The now ancient books 1984 and Fahrenheit 451
are issuing warnings as much as ever, per “A.I. Is Coming for the Past, Too”
(Jacob N. Shapiro and Chris Mattmann, The New York Times, January 28th). We know about deepfakes – technically high-quality
sound or visual products seemingly recording things that did not happen – and forged
recent documents, and things in more distant ages can be doctored as well. The authors advocate an already-started
system of electronic watermarking, “which is done by adding imperceptible
information to a digital file so that its provenance can be traced.” Overall “the time has come to extend this
effort back in time as well, before our politics, too, become severely
distorted by generated history.”
Here’s a good use for AI!
Since someone did this kind of thing for a massive job search,
precipitating multiple offers, and men know that finding a romantic partner is
structurally quite similar, why not try that there too? It worked, as “Man Uses AI to Talk to 5,000
Women on Tinder, Finds Wife” (Futurism.com, February 8th). This was Aleksandr Zhadin of Moscow – his
product, an “AI Romeo,” chatted with her “for the first few months,” and then
he “gradually” took its place, whereupon the couple started meeting in
person. The object of his e-affection
was unoffended and accepted his proposal.
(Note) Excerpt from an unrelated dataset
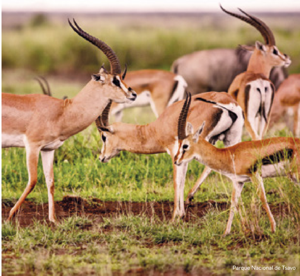
Parque Nacional de Tsavo

Expect much more of this sort of thing, especially if (as?) smaller and
smaller shares of women are interested.
Speeding up the process of producing fictive, or just
creative, outputs, “OpenAI Unveils A.I. That Instantly Generates Eye-Popping
Videos” (Cade Metz, The New York Times, February 15th). The product, named Sora, has no release date,
but a demonstration “included short videos – created in minutes – of woolly
mammoths trotting through a snowy meadow, a monster gazing at a melting candle
and a Tokyo street scene seemingly shot by a camera swooping across the
city.” They “look as if they were lifted
from a Hollywood movie.” The next day,
though, Futurism.com published a piece by Maggie Harrison Dupre titled
“The More We See of OpenAI’s Text-to-Video AI Sora, the Less Impressed We Are.”
Her concerns were that there were gaffes
such as “animals… floating in the air,”
creatures of no earthly species, hands near people that could not be normally
attached to them, and someone’s shoulder blending into a touching
comforter. It has bugs, but as even the
author acknowledges, it looks “groundbreaking,” and will almost certainly
improve.
To reduce one well-anticipated area of deceit, “In Big
Election Year, A.I.’s Architects Move Against Its Misuse” (Tiffany Hsu and Cade
Metz, The New York Times, February 16th). “Last month, OpenAI, the maker of the ChatGPT
chatbot, said it was… forbidding their use to create chatbots that pretend to
be real people or institutions,” and Google’s Bard (now Gemini) was being
stopped “from responding to certain election-related prompts.” These companies and others will execute many
more related actions.
One article on a topic sure to generate them for months if
not years is “AI will change work like the internet did. That’s either a problem or an opportunity”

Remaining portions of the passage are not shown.